That was gone on January 27, 2007.
In the four years that have come and gone, I rented for one year and then when my former company reduced their branches and I got closed down, I couldn’t renew the lease and I was homeless. That was May 2008. In the 3 and a half years since then…40 months…I have slept in my car about 20 of them. It’s more humiliating than I can express to you. It’s a wounding thing and it takes your pride and your self esteem. You pretty much have to lie about it to avoid the embarrassment.
It’s fair to ask “Where were your friends?” Well, it’s like this. (A) You’d have to tell me how you define friendship for me to answer that. As I define it, I don’t have that many here. I won’t even attempt to explore that. But it’s not strictly because people are unfriendly. (B) I had offers from people to “crash on the couch” but the problem is, everyone will tell you “You stay as long as you need to” but the economy being what it is, and jobs being impossible to find for so long…that can be a very long time.  I knew I wouldn’t want someone crashing on my couch for months on end…so I politely refused the few offers I did get. If it was dangerously cold I would do it for a day or two. But mostly I just did what I had to do to get through it alone. I’m not going to be delving into this any further because this post isn’t about any of that. But I wanted to set the stage…
     I returned to the carpentry business recently. It was out of necessity but I am very happy that I did. I love the craft. I am happy in a job where I can create and then see the finished product. I have been staying with a friend so I haven’t been truly “homeless”…not in the conventional sense. I am going apartment shopping this week. It’s not my house and five acres in the country…but it’s going to be home for the first time in four years. And that’s the real topic today…

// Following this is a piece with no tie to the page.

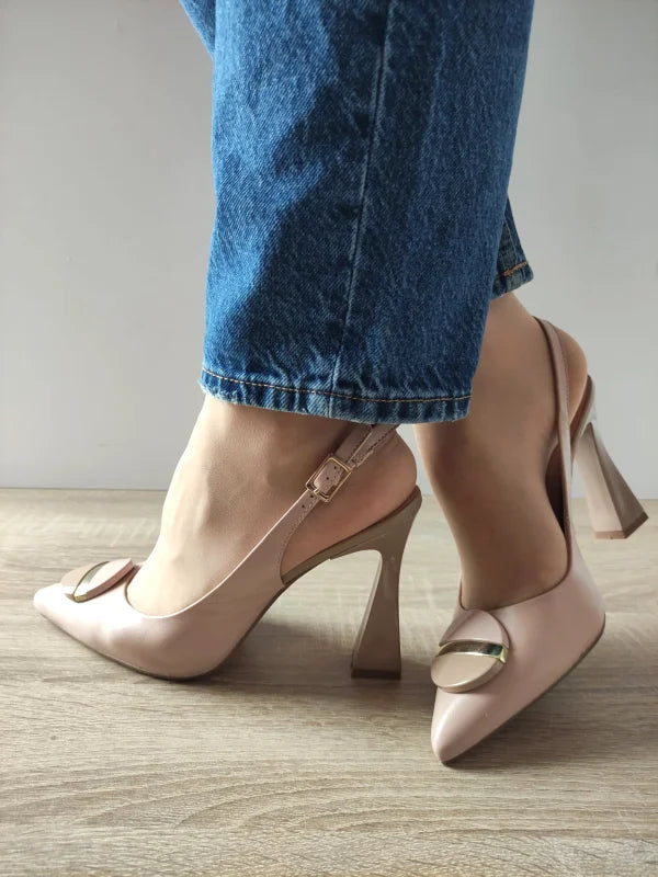 Pentru apariții de neuitat, aceste sandale Epica sunt alegerea ideală! Realizate din piele naturală fină în nuanță roz nude, îți pun în valoare feminitatea printr-un design elegant, cu vârf ascuțit și decupaj la spate. Detaliul metalic de pe partea frontală adaugă un plus de rafinament, în timp ce tocul subțire, înalt de 10 cm, oferă o siluetă sofisticată și o postură încrezătoare. Modelul este prevăzut cu prindere discretă cu baretă și cataramă, pentru susținere sigură și stil aparte.

Jesus said “Birds have nests, foxes have dens…but the Son of Man has nowhere to lay His head”. (Luke 8:9) That’s where I took the title for my second book from. I remember when I was first homeless and sleeping in the car…it hit me that Jesus was homeless too. Only He had chosen this lifestyle. His Father’s plan was for Him to be a wanderer and a vagabond. He was really homeless.
Go back and re-read my description of homelessness and then picture, (if you can) the Son of God living like that. Sleeping in a fishing boat shivering in the night, wrapped in stinky fishing nets to try to stay warm. Sleeping where he could, eating what He could, bathing when he could. That was God.
I don’t like to be where I am staying, except when I go to bed. I’m just weird that way…I feel like a guest and I don’t like that feeling. So I am up at 5AM, I go to the rec center to workout and shower, I go to Fedex office to do my homework and then I am on the jobsite by 8. I work until dark, go to the rec center to shower again (sawdust is irritating…but manly) and do homework until about 10PM. On rainy days…when I used to be sitting in my living room reading or writing or watching TV or even taking a nap…I drive around, looking for a place to go to kill time. I get homework done, but what I really want is to put my feet up, make a cup of coffee in MY kitchen, watch MY TV or do whatever. I want a safe haven. And I don’t have one.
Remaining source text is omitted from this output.